US Press Secretary Josh Earnest speaks during the daily briefing at the White House in Washington, DC, on September 3, 2015. (AFP photo)

The United States says there is no indication that the two suspects of this week’s deadly California shooting spree were part of a terrorist group.

Tashfeen Malik, 29, and her husband Syed Rizwan Farook, 28, stormed a holiday party in San Bernardino, California on Wednesday, killing at least 14 people and injuring 21 in the deadliest mass shooting in the US in three years. Hours later, the couple died in a fire exchange with police.

Malik had pledged allegiance to Abu Bakr al-Baghdadi, the leader of the Daesh terrorist group, three US officials familiar with the investigation told CNN on Friday. On Saturday, the Takfiri group also claimed the couple as their followers.

White House Press Secretary Josh Earnest said on Saturday a team of top officials told President Barack Obama “that they had as of yet uncovered no indication the killers were part of an organized group or formed part of a broader terrorist cell.”

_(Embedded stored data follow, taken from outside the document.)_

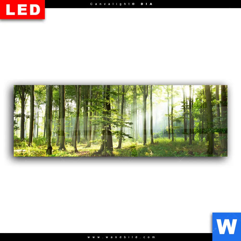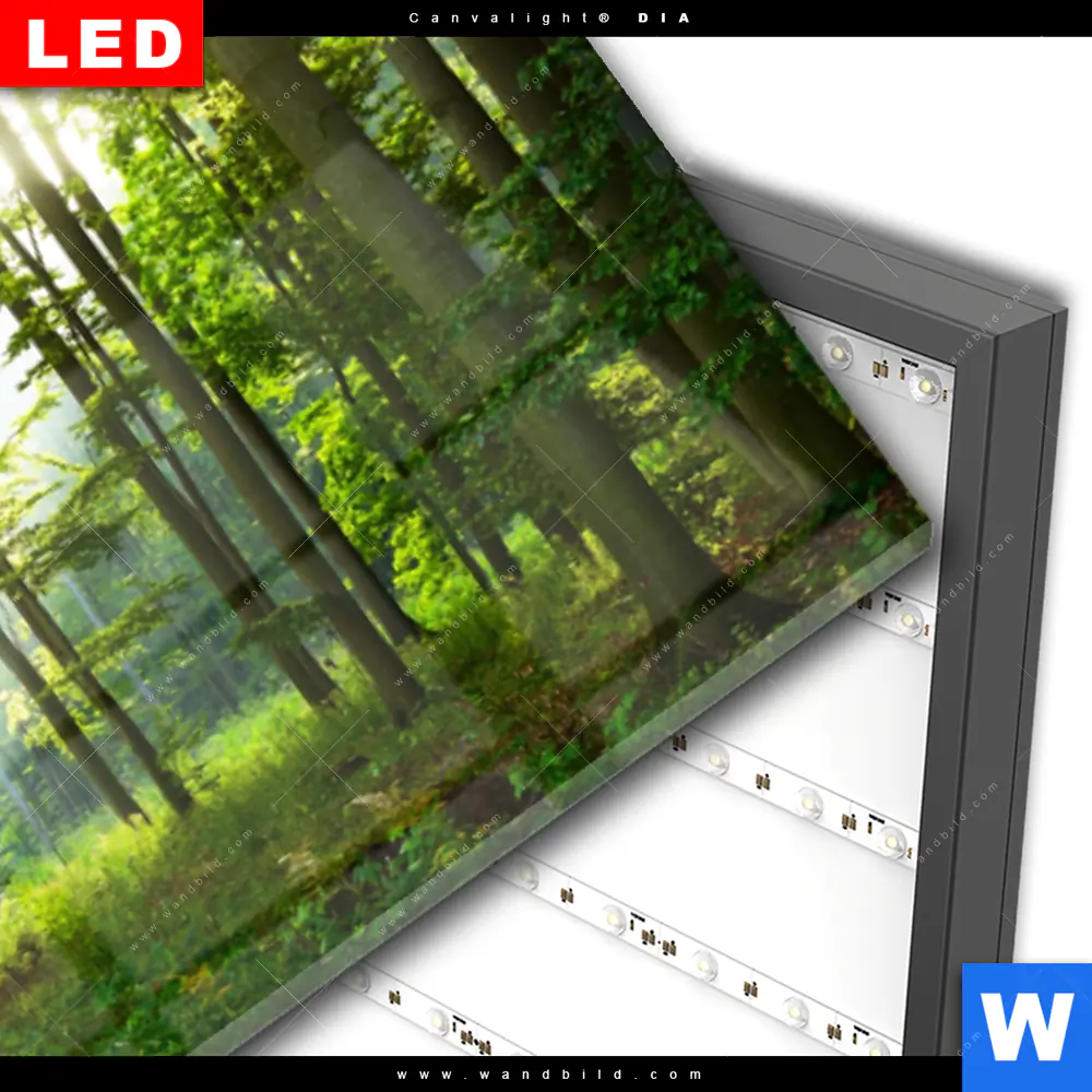 Wechselmotiv Acrylglas Canvalight® DIA | Sonniger Morgen im Wald | Panorama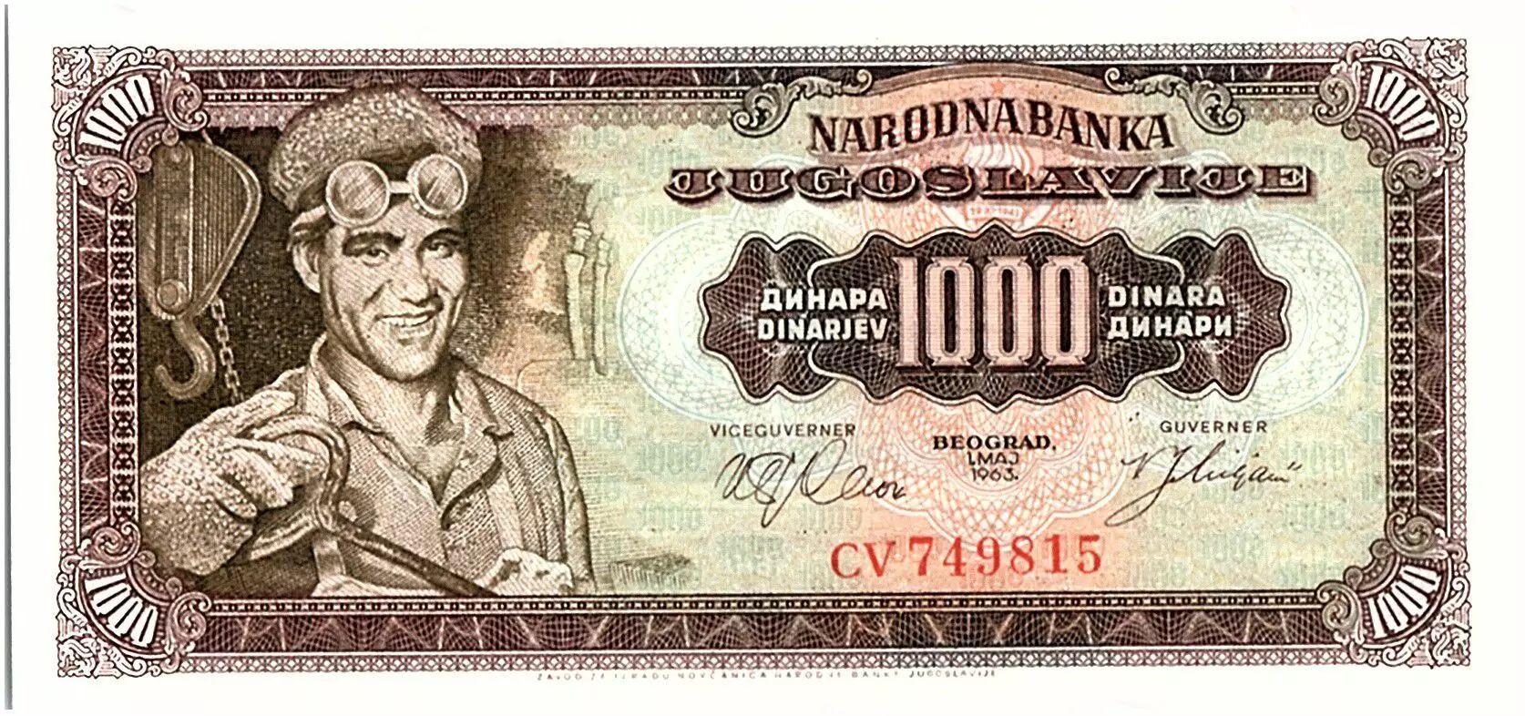 Billet Yougoslavie 1000 Dinara - Ouvrier - 1963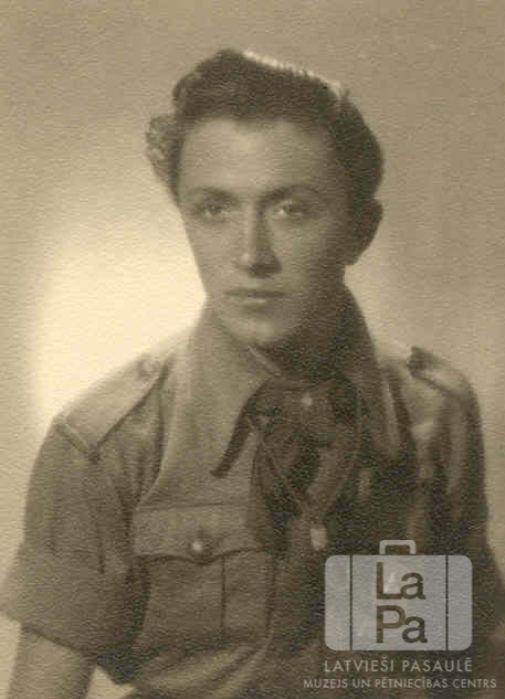 Skauta Valda Pavloviča portrets. Viņš dzīvoja Haunštetenes nometnē Augsburgā (amerikāņu zonā). Jaunietis formastērpā un ieveidotiem matiem.

The team included FBI Director James Comey, Attorney General Loretta Lynch, and Secretary of Homeland Security Jeh Johnson.

However, the White House said the team "highlighted several pieces of information that point to the perpetrators being radicalized to violence to commit these heinous attacks."

The Federal Bureau of Investigation (FBI) is investigating the killings as an "act of terrorism." 

Obama: Attackers were possibly radicalized

US President Barack Obama 

President Obama called the California shooting an act of terror carried out by attackers who were possibly radicalized.

"It is entirely possible that these two attackers were radicalized to commit this act of terror," Obama said. "And if so, it would underscore a threat we've been focused on for years - the danger of people succumbing to violent extremist ideologies."

American Muslims fear that the San Bernardino shooting has fueled a new wave of Islamophobia across the United States.

Only hours after news broke that suspects had Muslim names, American Muslims strongly condemned the incident, but this did not stop the US mainstream media from spewing hate and venom against Muslims and Islam.

American Muslims and their prayer leaders across the country say they are experiencing a wave of death threats, assaults and vandalism unlike anything they have experienced since the September 11 attacks in 2001 in the United States, The New York Times reported on Saturday.